Depending on the amount of time delay spread, channels can be classified as flat 
or frequency selective, and depending on the amount of Doppler spread, they can be 


classified as fast or slow fading [33]. 
C. MODULATION AND CHANNEL CODING 


Two important factors that determine a successful transmission of digital data are 
modulation and channel coding. With modulation an attempt is made to use the wireless 
medium as efficiently as possible and with channel coding an effort is made to eliminate 


the transmission errors. 
1. Modulation 


In order to transmit a signal through a channel, the signal frequency needs to be 
shifted to a spectral band appropriate for transmission. This shift is achieved using 
modulation, which is the alteration of the carrier’s characteristics according to a 
modulating wave.
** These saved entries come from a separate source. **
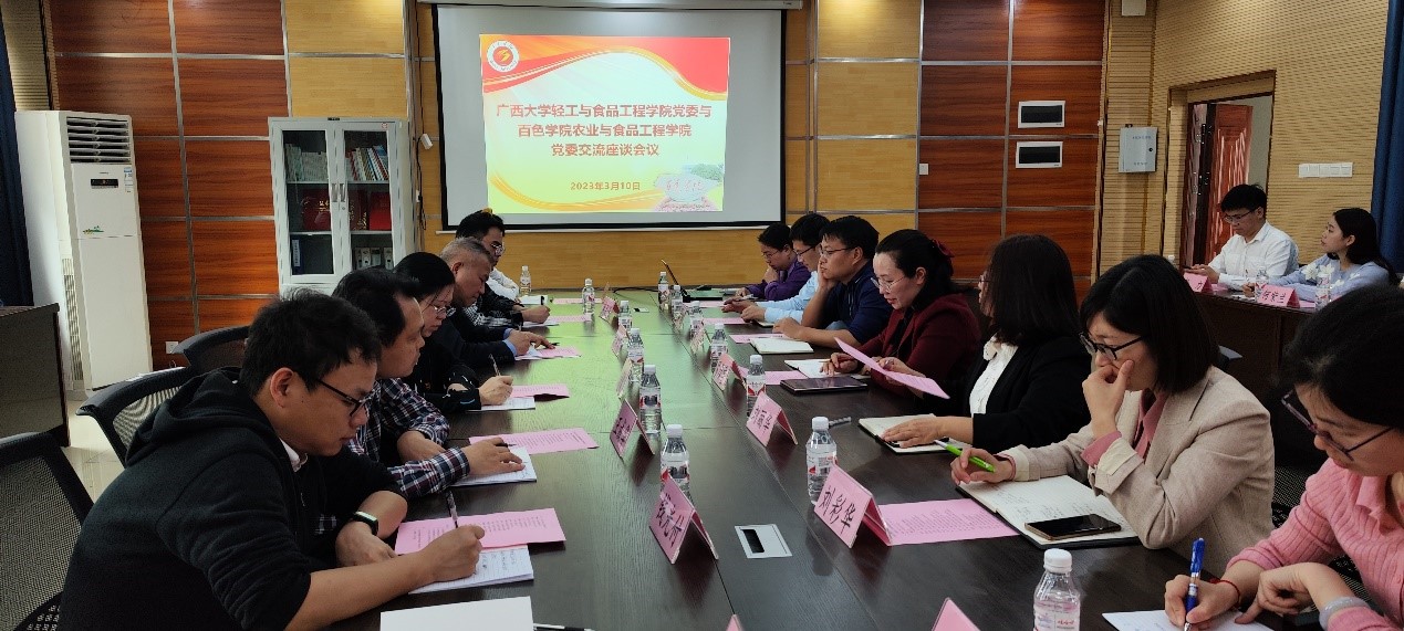 第三站,赴百色学院农业与食品工程学院座谈交流。首先,百色学院农业与食品工程学院党委书记刘丽华对学院党建工作做了简要介绍,她指出,一直以来,学院扎根红色土地,有针对性地开展党建品牌建设,取得了一系列标志性成果。随后,我院党委书记许树沛介绍了学院发展沿革、师资力量、教学科研、学生培养等基本情况。最后,我院制糖工程系教工党支部书记陆登俊对五星级党支部做了经验分享,重点介绍了党支部强基固本建设以及支部工作创新发展模式。自由交流阶段,双方就党建工作重点难点、党建引领学科建设、“党建+”等方面展开讨论。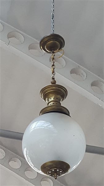 Lampada a sospensione modello "LS1GC lampione". Produzione Azucena, Milano, 1954. Ottone e vetro soffiato satinato sulla superficie interna. (h cm 85; d cm 30) (difetti e manomissioni)
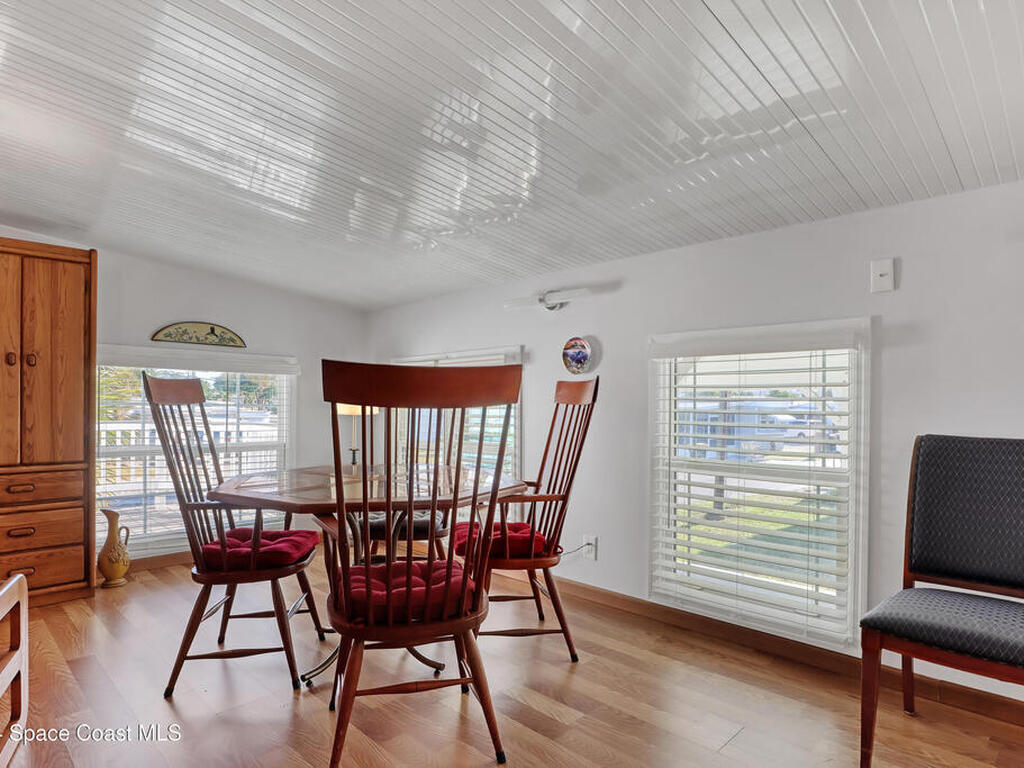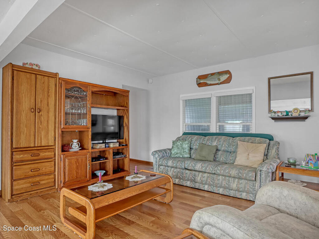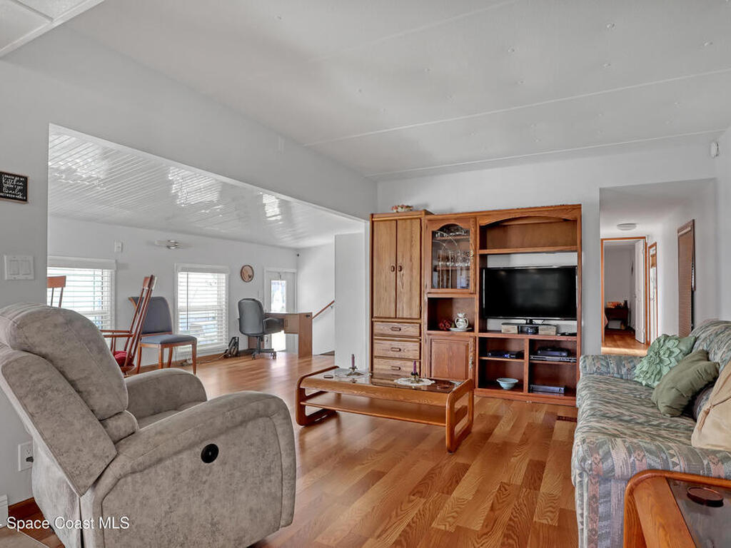 Home Sweet Home! This impressively remodeled home was stripped down to the studs & built back up. Including a new master suite half bathroom, fully updated common bathroom, new windows & slider on SE side, vinyl siding, plywood subflooring & a raised flooring deck in the entry living area, nearly doubling the width, creating a fabulous great room open floor plan, with additional storage space below. A gorgeous eat in kitchen with ample cabinet & countertop space, granite tops & under cabinet lighting. So many other well executed finishing touches throughout! New AC in 2023. Outdoor features include a raised deck with railing off the kitchen, storage room, double length carport, clamshell & roll down shutters. This home comes fully stocked and furnished and is located in the 55+ waterfront community Palm Bay Estates, one of Palm Bay's best kept secrets, featuring a heated community pool, clubhouse, boat launch, boat & RV storage and a wide variety of community activities.

The final result of modulation, apart from frequency shifting, is the 
addition of information to the carrier signal [34]. In wireless networks, the most widely 
used modulation schemes are Binary Phase Shift Keying (BPSK), Quadrature Phase-Shift 
Keying (QPSK), and Quadrature Amplitude Modulation (QAM) [33]. 


In BPSK, the values of Os and Is are represented by two alternating phases of the 
signal. In QPSK, four different phases of the same carrier signal are used to represent two 
bits for every transmitted symbol. Finally, in QAM, both phase and amplitude are 


changed to give the ability for even more bits per transmitted symbol.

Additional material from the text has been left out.